Soz guise. Got distracted by some bird who had no bra on - and then by some mad coincidence her fella sorted me a line of gear in the toilets. Can only see things going downhill from here tbh.
Absolutelt ****oed. It's sat night why ain't none of you ****s drunk n up for an online argument?? Last chance saloon for me. Just about to re-meet some girl I was chatting to earlier. If all goes well then I'll be getting my beat n you lot won't hear from me If it doesn't go well, well then I'll be back in approximately an hour to call you all a bunch of horrendous ****cunts xx If it does end up being the latter then I hope none of you let me down by ignoring it... My backup idea only works if there's some **** on here ready for a row. Much lovceeee peeps, ya bunch of absolute thundercunts (especially you Sucky Haha) xx
A treble southern comfort over ice, £5.60. Double Havana club with dash pineapple juice, £5.20 Obvs they wouldn't serve me a treble spirit so yet literally served me a separate double n single I had to mix. I mean, ffs, do these ****s not realise that we're a nation of problem drinkers... an establishment double measure is probably less than a council house single. Absolute ****ing ****ers.

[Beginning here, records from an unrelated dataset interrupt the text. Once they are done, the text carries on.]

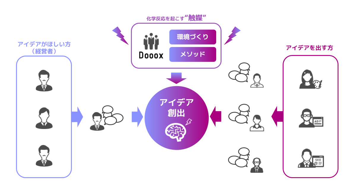 アイデアを必要とする経営者の皆さまと、アイデアで誰かの力になりたいという熱量をお持ちの方を繋ぎ、化学反応を巻き起こす次世代型プラットフォームを提供。異なる分野や業界の人材を組み合わせることで、新たな視点を獲得し、従来の枠組みに囚われない独創的で革新的なアイデアの創出を支援します。
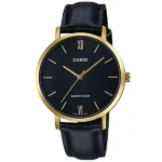 Az elegáns Casio LTP-VT01GL-1B női karóra a japán precizitás és a klasszikus dizájn tökéletes egyensúlyát kínálja. A 34 mm-es, polírozott aranyszínű acéltok finoman keretezi a minimalista, fekete számlapot, amelyről a függőlegesen elhelyezett indexek és jól olvasható arab számok pillanatok alatt leolvashatók.
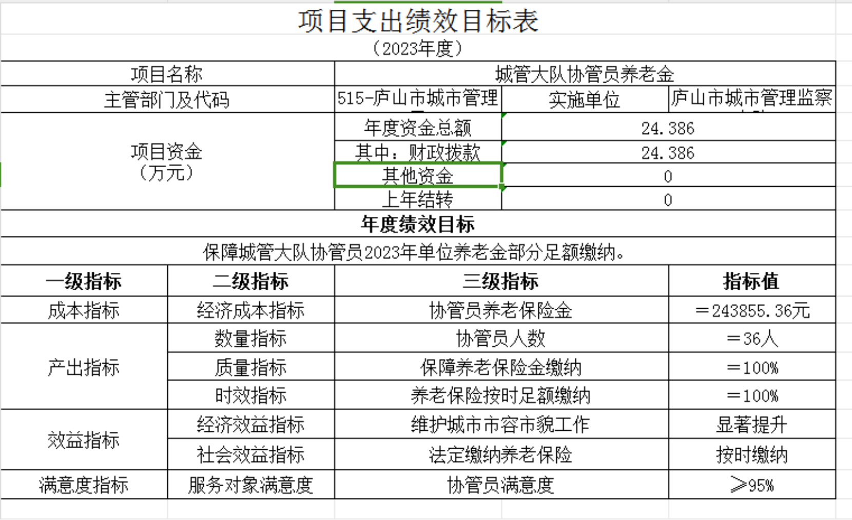 4)实施方案:关于2023年庐山市城管大队协管员养老保险金单位缴纳部分由财政负担,全年养老保险金24.386万元(3528元*16%*36人*12月)用于城管大队协管员养老保险金支出。
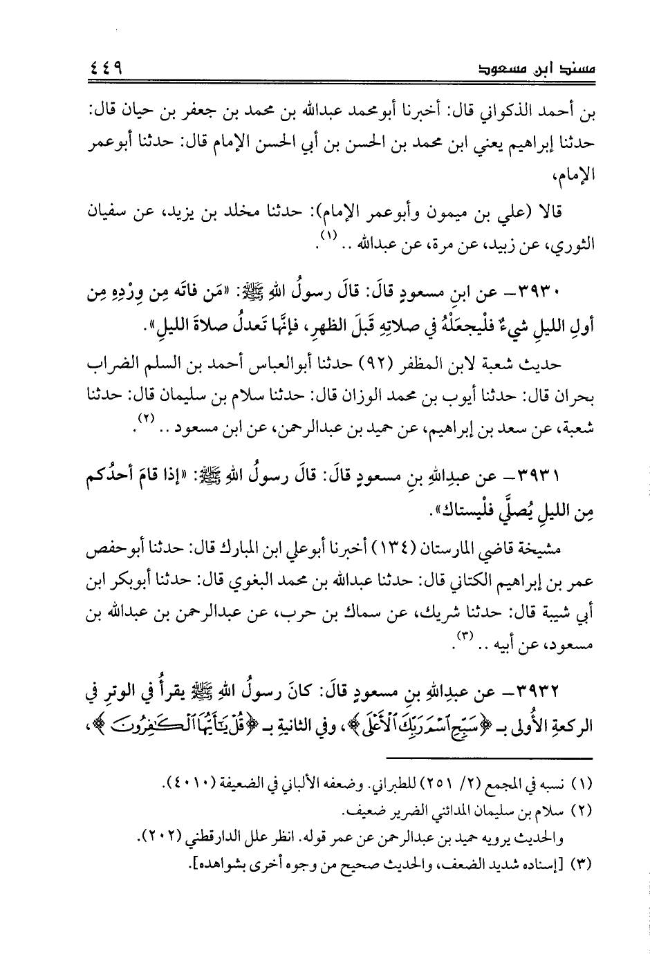 3932 - عن عبدِاللهِ بنِ مسعودٍ قالَ: كانَ رسولُ اللهِ صلى الله عليه وسلم يقرأُ في الوترِ في الركعةِ الأُولى بـ {سَبِّحِ اسْمَ رَبِّكَ الْأَعْلَى}، وفي الثانيةِ بـ {قُلْ يَاأَيُّهَا الْكَافِرُونَ}،
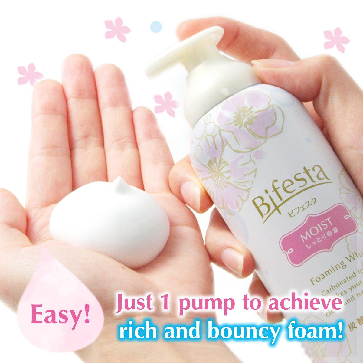 - Just 1 pump to achieve rich, gentle and bouncy foam
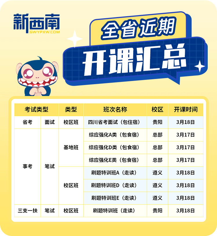 【银行】贵阳农村商业银行股份有限公司招聘公告贵阳农村商业银行股份有限公司(简称“贵阳农商银行”)成立于2011年12月22日,注册资本38.23亿元人民币,是由原贵阳市云岩、南明、小河、白云四城区农村信用社(合行)改制而成,有着50多年的历史传承和文化底蕴,是贵阳市委、市政府直接领导的地方国有银行、是贵州省第三大地方法人银行、是全省规模最大的地方性农村法人金融机构。截止2023年末,全行资产总额1500余亿元,主要经营指标较成立初期均实现倍增。贵阳农商银行总行坐落于贵阳市金融城,下设12家一级支行、1家特殊资产管理支行及85家二级支行,分布在贵阳市区、清镇市及修文县城,现有干部员工2000余人。 作为贵州省第一家股份制农商银行,在市委市政府的 领导下,贵阳农商银行始终坚持“乡村振兴特色银行”的市场战略定位,并确立了打造社区银行、数字银行、特色银行、精品银行“四大银行”的建设目标,始终聚焦主责主业,积极发挥金融作用,为客户提供高效优质金融服务,全力助推中小微企业和“三农”主体等实体经济发展,在“强省会”行动、“四新四化”等省市战略部署中,贡献了作为一家地方金融国企应有的力量。 旭日东升,未来可期。热忱邀请优秀的你加盟贵阳农商银行2024年“超享聘·旭日计划”,共同为贵阳农商银行高质量发展谱写新篇。现将面向社会公开招聘大学生事宜公告如下: 一、招聘岗位及人数 综合服务经理岗50人 二、用工形式 报考人员录用后,与贵阳农商银行签订劳动合同,试用期管理按照贵阳农商银行相关管理规定执行。 三、工作地点 贵阳市,含三县一市。 四、福利待遇 四险一金、企业年金、补充医疗、双轨晋升、教育培训、工会福利等。 五、招聘条件 (一)基本条件 1.具有中华人民共和国国籍,拥护中国共产党的领导,遵纪守法、诚实守信,具有良好的个人品质和职业道德,愿意履行贵阳农商银行员工义务和岗位职责。 2.具有与岗位要求相适应的专业、学历及能力素质。 3.具有较好的团队合作精神、语言沟通能力和学习能力。 4.具有正常履行工作职责的身体条件,参照现行公务员录用体检标准体检合格,并能在规定时间内完成所有的体检项目;具备健康良好的心理素质。 5.符合银行从业人员要求。 6.符合贵阳农商银行履职回避的有关规定。 (二)岗位条件 1.学历:2022、2023、2024年毕业的全曰制本科及以上毕业生,其中:国内“双一流”院校毕业生、“QS世界大学排名”前100名境外院校毕业生优先报名。国内高校毕业生须取得国家统招的普通高等院校全曰制本科及以上学历、学位,应届毕业生应在2024年7月31日前取得相应的学历、学位证书。境外院校毕业生须获得我国教育部学历学位认证。 2.年龄:截止报名日,本科26岁(含)以下,研究生28岁(含)以下。 3.专业:经济学类、财政学类、金融学类、经济与贸易类、电子商务类、数学类、统计学类、工商管理类、农业经济管理类、管理科学与工程类、计算机类等与贵阳农商银行业务发展相关的专业。 (三)不符合招聘条件的情形 1.在向贵阳农商银行求职过程中提供虚假的个人履历、劳动关系证明文件或其他不诚实行为; 2.相关法律法规政策规定不得聘用的员工或其他经本行认定不适合的。 六、招聘流程 按照网上报名、资格审查、在线测评、笔试、面试、体检、考察(背景调查)等程序,择优录取。其中: (一)网上报名 应聘者登陆https://grcbzp.zhaopin.com(报名时间开始后报名入口正式开放)进行网上注册,在线填写个人简历、上传报名资料,完成职位申请。未按规定上传相关资料或资料不清晰的,视为无效。需上传资料如下: 1.本人近期免冠证件照1张(证件照格式为JPEG或JPG,大小在30K以内),身份证(正反面)。 2.2024年毕业的应届生需提供教育部学籍在线验证报告、就业推荐表,2022年、2023年毕业的应聘者需提供毕业证书、学位证书、教育部学历证书电子注册备案表,境外院校毕业生需提供教育部留学服务中心学历学位认证书。 (二)报名时间:2024年3月13日9:00-3月14日17:00。对照岗位招聘条件,按照简历投递先后顺序进行筛选,资格初审合格人数达到招聘计划的1:10比例时,停止审核。 七、注意事项 (一)应聘者对个人填报信息及提供资料的真实性负责,如与事实不符,贵阳农商银行有权取消其录用资格并记录在案,由此造成的后果由应聘者自行承担。 (二)此次招聘不指定考试辅导用书,不举办也不委托任何机构举办考试辅导培训班,不收取任何费用,请应聘者提高警惕,谨防上当受骗。 (三)应聘者务必确保手机联系方式准确无误,并保持通讯畅通。 (四)在各招聘环节中,贵阳农商银行会及时通知进入下一环节的应聘者;对未能进入下一环节的应聘者,不再另行通知。 (五)在线测评、笔试、面试等事宜另行通知。 (六)此次招聘以贵阳农商银行官网(http://www.gynsh.com)及贵阳农商银行授权网站发布信息为准,其他未经贵阳农商银行授权的网站、微信等媒体发布的信息与我行无关。 (七)贵阳农商银行有权根据岗位需求变化及报名情况等因素,调整、取消或终止招聘工作,并对本次招聘享有解释权。 (八)报名咨询电话: 0851-84132969,0851-88115193(9:00-12:00,14:30-17:30)。 针对事业单位联考 除了包食宿的基地班次 新西南也有走读的校区班次 家门口即可学习 兴义校区事考刷题特训班 直降3000元 3月19日盛

Any bloke that uses the word horrendous is not about to get ****ed unless it's by some Uni bird that has explained to you why driving your car is killing us all with hot weather. If that's the case just agree with her and get her bent over the table
Anybody have any home cures for deafness? I've gone completely deaf in my left ear, I think it might have happened through having water in it.
Sounds like it’ll be water trapped behind wax, get some Earex from the chemist mate which will dissolve it. If it happens again you’ll maybe need them syringing, I used to do mine at home tbh.